This approach of dispatching (“scattering”) requests out to several machines, and then collecting (“gathering”) the results is usually referred to as a scatter/gather pass when discussing Cassandra performance.

Column Families, not Column Orientation

I mentioned storage when talking about distribution. Storage in Cassandra is something that’s worth looking into

Lets say that instead of a single value like “word_count” we actually have many different values in our table, say

CREATE TABLE authors (
	id         UUID,
	name       Text,
	email_user Text,
	email_host Text,
	roles      Set<Text>,
	town       Text,
	age        Int
	PRIMARY KEY (id)
)

-- Note we skip a few columns here
INSERT INTO authors (id, name, email_user, email_host, roles)
	VALUES(uuid(), "S. King", "sking", "gmail.com", { "Writer" } )

A common misconception with Cassandra is that it is a column-orientated database, which is to say that data is stored as a collection of multi-row columns, rather than the usual approach of multi-column rows. Column orientation does make compression very easy – one can imagine 90% of the email_host column above is just gmail.com – and is ideal for OLAP⁷ workloads where you read in a large portion of the data for a small subset of columns.

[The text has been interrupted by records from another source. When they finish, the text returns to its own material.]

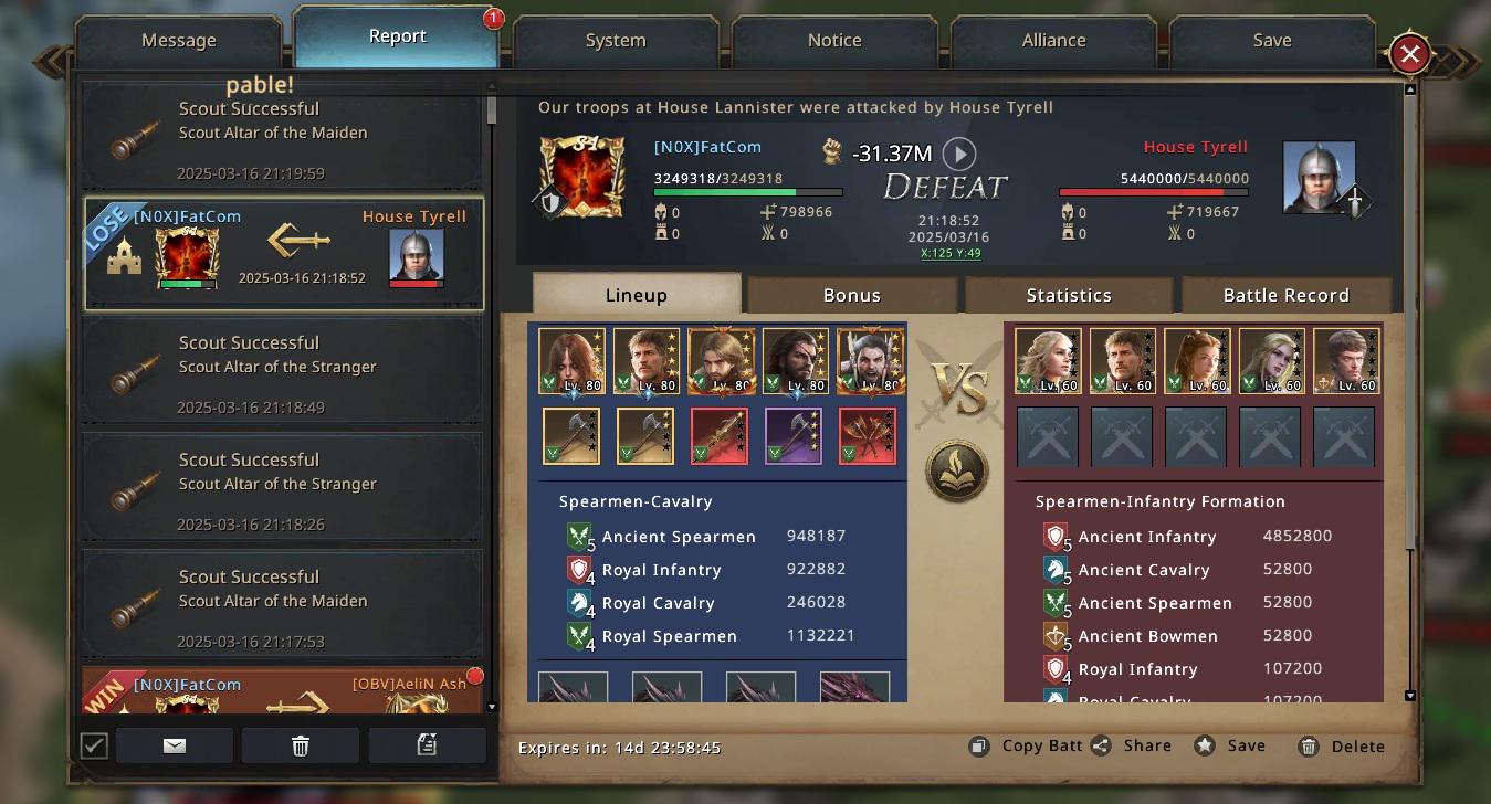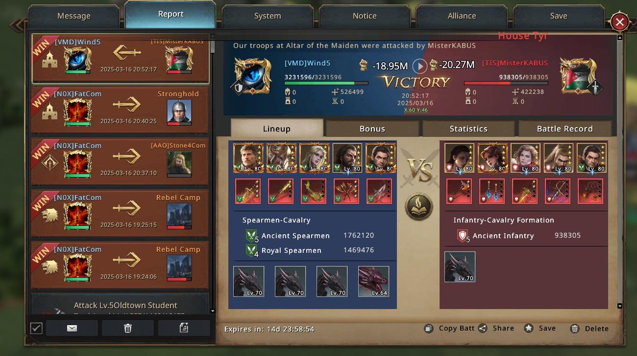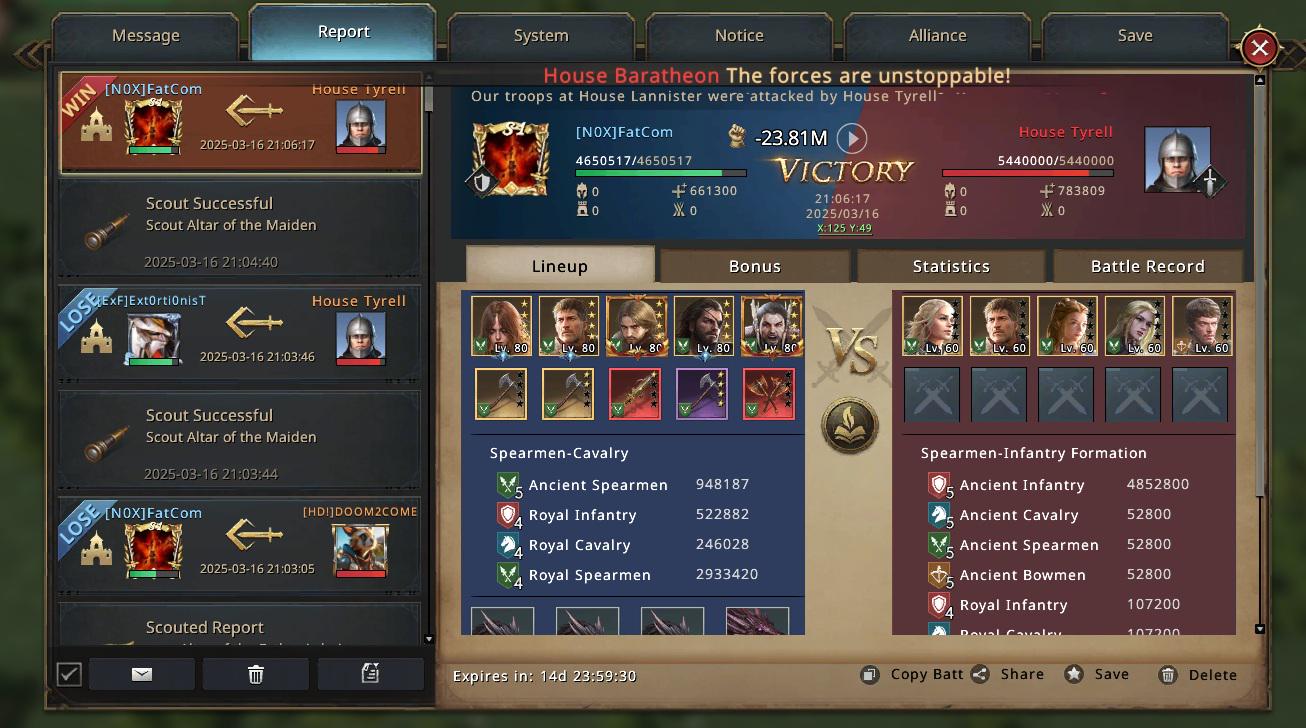 The game is actually going well for once, unlike our previous attempts, and we’re on a solid path to 2nd place. But just as the big mine is about to open, the unthinkable happens. Again! What a surprise! Not!!! House Tyrell, the ones attacking us, went for Troop Stats. They’re Inf, and we were defending the House with an Inf account, but guess what? Their Inf became stronger. And we all know what that means... we lost the House again. That’s now 3 games in a row where we lose the house.
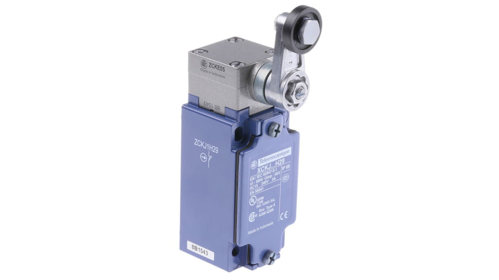 Interruttore di fine corsa Telemecanique, leva, configurazione NO/NC, tensione massima 240V, corrente massima 10A, grado di protezione IP66, azione rapida, durata meccanica 30000000 cicli, temperatura operativa da -25 a +70 gradi Celsius, corpo in lega di zinco, dimensioni 77mm x 40mm x 44mm, conforme a UL e CSA. Codice costruttore XCKJ10511H29.
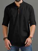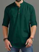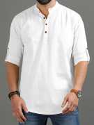 Men's Casual Solid Henley Shirt with Mandarin Collar
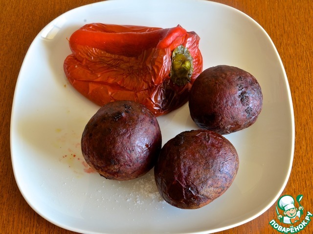 2. Через сорок минут после того как свекла отправилась готовиться в духовку, отправить туда и перец. Через 10 минут перевернуть его и запекать еще 10 минут. Готовые овощи очистить.

It should be clear, since the primary key, in both its partition and cluster key parts, identifies a single row, that Cassandra is row-orientated. However Cassandra rows don’t store all columns, they only store a subset of columns: in the example above we skipped age and town for example. The subset of columns is called a column-family. Since we only store a subset, we need the column names as well as values, which is just a HashMap[ColName,Any]

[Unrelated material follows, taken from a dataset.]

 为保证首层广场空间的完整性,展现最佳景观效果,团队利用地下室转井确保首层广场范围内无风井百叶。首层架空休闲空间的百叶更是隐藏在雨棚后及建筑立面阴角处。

Hence our true representation is really

type CdbTable = DistributedHashMap[HKeySet,ArrayMap[CKeySet,HashMap[ColName,Envelope[Any]]]]

Note that each column value has its own envelope, and consequently its own deletion marker and its own time-stamp⁸.

This does lead to a special issue however. Cassandra stores NULL values as tombstones: i.e. empty envelopes with the deletion marker set to true. So for example the following stores 5 values in a single column family

-- note age and town columns are absent in the column list
INSERT INTO authors (id, name, email_user, email_host, roles)
	VALUES(uuid(), "S. King", "sking", "gmail.com", { "Writer" } )

whereas the query below stores 7 values in a single column, two of which are tombstones which will be removed later in a compaction.

INSERT INTO authors (id, name, email_user, email_host, roles, town, age)
	VALUES(uuid(), "S. King", "sking", "gmail.com", { "Writer" }, NULL, NULL )

As a result, when using ORMs, it’s important to pay attention to how they handle nulls, to avoid excessively bloating out the size of your database, and increasing the time taken in compactions.

Another thing that should be clear from this is that adding columns to a Cassandra table is very very⁹ cheap. All it does is change the schema.

Indexes

At this stage it should be clear now why you can only have partition and cluster keys as WHERE clauses in your query. If you want to add a field in the column family you need to add an index. Indexes in Cassandra are stored as part of the structure that holds the ArrayMap in a single partition, which is identified by the partition-key part of the primary key.

class Partition (
	contents : ArrayMap[CKeySet,Map[ColName, Envelope[Any]]], 
	indexes : Map[ColName, Map[Any, CKeySet]]
) {

}

type CdbTable = DistributedHashMap[HKeySet, Partition]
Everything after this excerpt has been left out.